When she first heard about the law, Smith, a high school social studies teacher, “blew it off,” she said. “I don’t teach that, so I didn’t think it would apply to me.”

She was surprised to find out it did.

In a statement explaining the pause, OCCC said, “We aim to lower the temperature of extreme positions.”

“If (OCCC’s) interpretation of the bill is correct, it would ban women’s studies, too, or any discussion about race or gender bias,” said Adam Steinbaugh, an attorney with the Foundation for Individual Rights in Education, which works to defend the individual rights of students and faculty. “That pretty much eliminates any discussion about the civil rights movement. How do you talk about something like Selma, Alabama, without talking about civil rights?”

Idaho, Kentucky also take issue with diversity classes

Educators and free speech activists are paying close attention to similar debates unfolding in other states.

In Idaho, state legislators trimmed more than $400,000 from Boise State University's budget in March after conservative lawmakers fumed about what they called "a social justice agenda" pursued by the university. More than 20 lawmakers blamed tuition increases on the school's diversity programs.

“We’ve tried for over a year to have our voices heard by the university, and we have been largely unsuccessful,” State Sen.
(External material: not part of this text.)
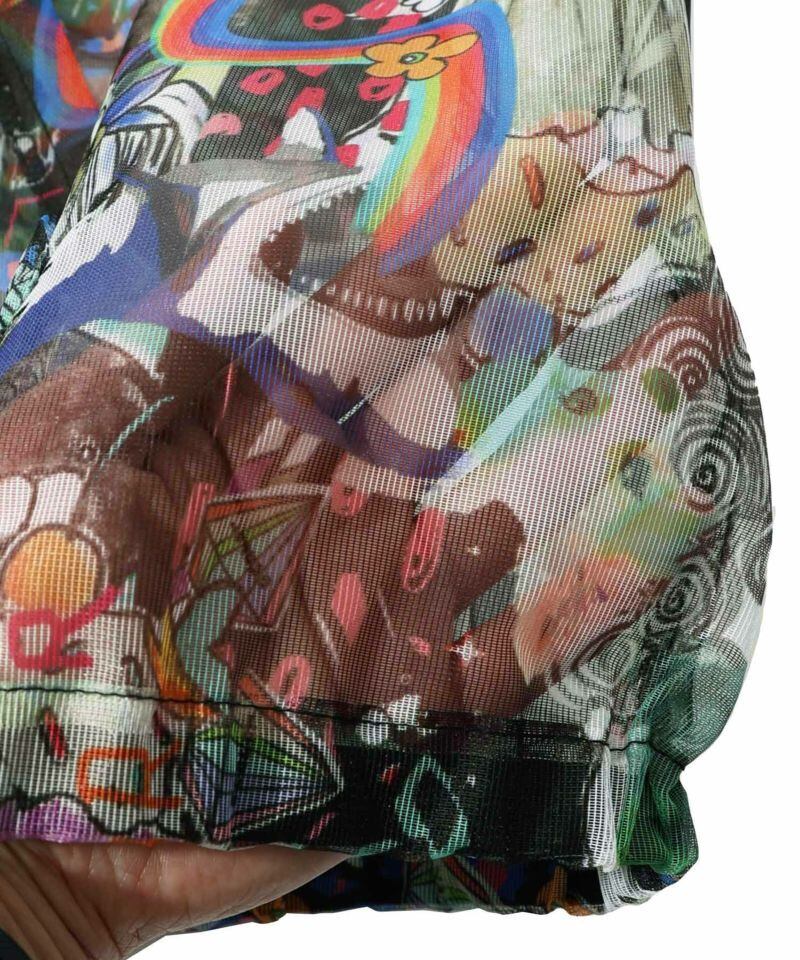 薄くて軽いメッシュ素材を使用し、ゆとりあるシルエットでトレーナーなどに重ねても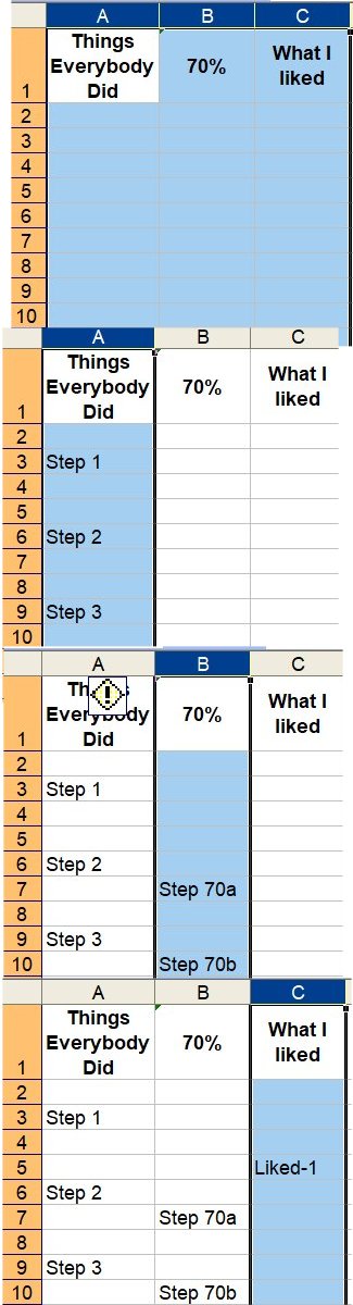 - Combine the three columns into one and look at your plan. Are there “Things Everybody Did” which you balk at? Do they have a “70%” item right under them? Good, you’re safe, do the “70%” thing in place of the “Things Everybody Did” item. Say you don’t like Step 3. You’ve got Step 70b right under it so do 70b instead of 3. Say you don’t like Step 8. Too bad, you’ve got to do it, you’ve got nothing to take its place, and no shuffling around to make things fit! (bottom)

Carl Crabtree told local media after cutting the budget. “We are left with no other option.”

A few weeks later, Boise State University suspended its diversity seminar after an anonymous complaint was raised. Foundations of Ethics & Diversity, a required course, “helps students investigate how we practice our ethics together as engaged citizens creating an inclusive community,” according to the school’s description of the class. The school offers dozens of variations of the course, including studies in censorship, social problems and the fictional movie and book character Harry Potter, among others.

BSU hired a firm to investigate the complaint, which came from someone the university has never identified. The diversity classes eventually resumed but were moved to an online model, where students watched videos on their own time, a move Steinbaugh at the Foundation for Individual Rights in Education criticized.

“You could view the class but not interact with your classmates or faculty. That’s not a great way to have conversations,” he said.

According to a spokesman from Boise State, the classes are “currently operating as normal in the summer term” and will continue that way.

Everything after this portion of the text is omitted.